Former Indian Foreign Secretary: China’s ‘One Belt One Road’ Is a ‘Challenge’ to U.S.

Chinese President Xi Jinping steps out from behind China's flag as he takes his position for his joint news conference with President Barack Obama, Friday, Sept. 25, 2015, in the Rose Garden of the White House in Washington. (AP Photo/Evan Vucci)
AP Photo/Evan Vucci

China’s One Belt One Road (OBOR) initiative is, in part, a “ploy” to threaten the “already declining” U.S. influence in Asia and allow Beijing to continue using terrorism-linked Pakistan as a weapon against New Delhi, opines an ex-Indian foreign secretary in an editorial published by the Economic Times.

Echoing other assessments, the article concludes that OBOR — and, specifically, the project within OBOR known as the China-Pakistan Economic Corridor (CPEC), valued at up to $55 billion — would end up hurting India.

India’s former Foreign Secretary Kanwal Sibal contends that China is aware that it is wasting billions of dollars on Pakistan, which he describes as:

A politically unstable, terrorism-wracked country that needs financial bail-outs by the IMF [International Monetary Fund] or Arab donors and attracts little foreign investment, and, which, moreover, is bent on creating an unfavorable environment for itself by perpetuating conflictual relations with both its direct neighbors, it is for larger geo-political reasons, not economic gain alone.

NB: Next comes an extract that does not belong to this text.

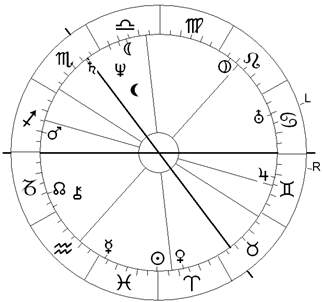 Abzuleiten sind daraus die Aussagen, daß die Frau in ihrer Durchsetzungskraft gehemmt wird und gleichzeitig Ungeborgenheit erlebt, da das Verhältnis von Ort zu AC in den Gruppenschicksalsbereich von Mars-Saturn und Mond-Saturn fällt. Weiterhin fällt das Ergebnis beim Aszendenten in den exakten Spiegelpunkt zum Mond der Frau. Die Ergebnisse bei Sonne und MC liegen außerhalb von Gruppenschicksalsbereichen. In der Astrokartographie zeigt sich die Kreuzung der Linie MC-Neptun und DC-Uranus am Aufenthaltsort in Westafrika. Die mit der Relokation des Horoskops darüber hinaus möglichen Aussagen fehlen hier. ********************* Relokation auf den Ort der Niederlassung nach "Wiedereinwanderung" Für die Rückkehr nach Deutschland wählte die Frau eine andere als ihre Geburtsstadt. Hier fällt zunächst auf, daß die Quere des eben verlassenen Auswanderungsortes (0,4 Steinbock) bogensekundengenau als Relokationsaszendent auftaucht! Solche Beobachtungen treten in der Praxis immer wieder auf und zeigen deutlich, daß die Ergebnisse beider Verfahren (der astrologisch-geographischen Koordinaten und der Relokation) sich keinesfalls widersprechen sondern vielmehr ergänzen. Am neuen Aufenthaltsort wurde die Frau von totaler Isolation ergriffen (Saturn am MC). Es entstand trotz "Leidensdruck" eine früher nicht gekannte Passivität, den Ort wieder zu verlassen (Fische-Sonne wandert von Haus 3 nach Haus 2). Das zuvor gelebte Muster hatte sich darin gezeigt, Reviere zu verlassen, sobald sie dort mit ihrer Andersartigkeit konfrontiert wurde. Umzüge fanden demnach alle ein bis zwei Jahre statt. Die durch die Verlagerung des Fischezeichens und der Fische-Sonne entstandene Hinnahme des nunmehr gegebenen Ortes ließ über viele Jahre hinweg die Erfahrung des Bedürfnisses für ein eigenes, für das Dasein geeignete Revier wachsen. Beim Direktüberlauf des Uranus in Phänomensrichtung (bezogen auf das Relokationshoroskop) erlitt die Frau eine lebensgefährliche akute Pankreatitis durch Abgang von Pankreassteinen. Die Auslösung ist taggenau, während sich im Horoskop des Geburtsortes für dieses als eines der wichtigsten Erlebnisse bezeichnete Ereignis keine Auslösung zeigt! In der Folge dieses Erlebnisses entstand eine Offenheit für eine erneute Revierveränderung, diesmal allerdings in ein der Eigenart gemäßes Umfeld. Der Umzugsort lag jedoch nicht so weit entfernt, daß sich Veränderungen im Relokationshoroskop zeigten. Die astrologisch-geographischen Koordinaten aus dem Atlas von Wolfgang Döbereiner liegen bei 3,7° Zwilling in der Schräge und 10,7 Skorpion in der Quere. Der Differenzwert ergibt sich durch Abziehen der Quere von der Schräge (Schräge 63,7 minus Quere 220,7 ergibt den negativen Wert von minus 157,0, daher 360 Grad hinzuzählen = 203,0 alias 23,0 Waage ). Zu diesem Wert lassen sich nun wieder individuelle Punkte in Bezug setzen.
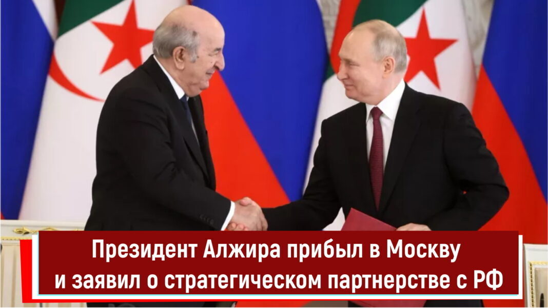 Президент Алжира Абдельмаджид Теббун прибыл в Москву с государственным визитом и заявил о намерении укреплять стратегическое партнерство с Россией.

Ultimately, the new “Silk Road” is a “ploy” for China to “solidify its grip over” Muslim-majority Kashmir, a Himalayan region claimed in part by China, Pakistan, and India, asserts Sibal.

China and Pakistan consider India their economic and military rival.

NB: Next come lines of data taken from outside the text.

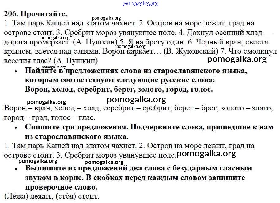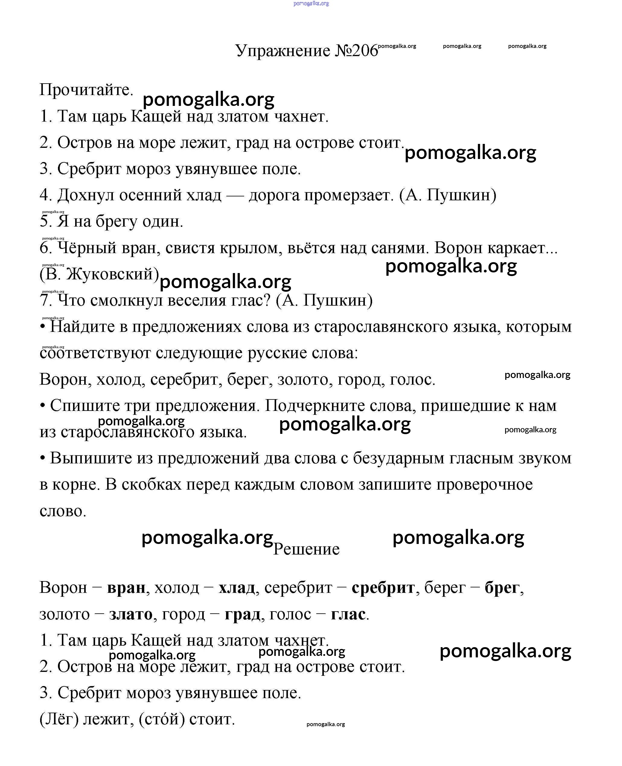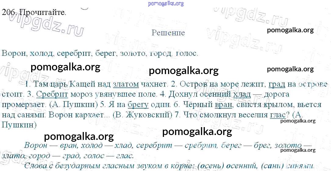 Готовые ответы - Русский язык 3 класс Канакина В.П. - упражнение № часть 1 206
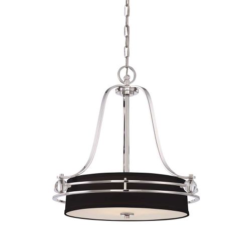 Inspired by the rich, powerful lights within the shadows of Manhattan, Gotham comes alive defying darkness. The Imperial Silver finish is completed by black shades with glass diffusers for a chic, sophisticated look.
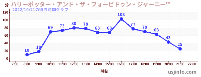 • ハリーポッター・アンド・ザ・フォービドゥン・ジャーニー™$B$N(B2022年10月21日の待ち時間

Angered that CPEC would run through the Pakistan-Occupied Kashmir (POK), India has refused to support the modern-day “Silk Road” project.

In an effort to appease New Delhi’s concerns, Bejing has reportedly proposed an additional corridor between India and China that Sibal argues would merely “supplement the CPEC, and not be an alternative to it.”

India’s former secretary dismisses China’s efforts to “re-name CPEC” as “sham diplomacy,” adding:

A cosmetic change in nomenclature will, however, make no difference on the ground as any corridor between China and Pakistan has to traverse parts of the erstwhile J&K [Jammu & Kashmir] state illegally occupied by Pakistan. This India cannot accept not only for legal reasons but also for what is a strategic move to encircle India in an area where China itself is involved in a territorial dispute with us.

China is drawing Pakistan deeply into its sphere of influence not only to continue using it as a weapon against India but also to challenge the already declining US presence and power on the Asian landmass.

China has long been exploiting the rivalry between India and Pakistan to ensure its goals in the South Asian region are accomplished, according to the U.S.-China Economic and Security Review Commission.

“This strategy aims to keep India so preoccupied with its western neighbor [Pakistan] that it will not have the ability to mount a serious challenge to China’s power and influence in Asia,” noted the commission last year.

The estimated $3 trillion OBOR project is also known as the Belt and Road Initiative (BRI).

Breitbart News explains, “China’s One Belt One Road (OBOR) project – consisting of the Silk Road Economic Belt, a land route to Europe, and the 21st-Century Maritime Silk Road, a sea route cutting from the Philippines to the Mediterranean – is a sprawling bureaucratic monstrosity the Chinese Communist Party (CPC) asserts will create a better-connected, wealthier global economy.”

“The Belt and Road Initiative, as it is sometimes also called, requires China to invest heavily in infrastructure and development across three continents to facilitate trade for China,” it adds.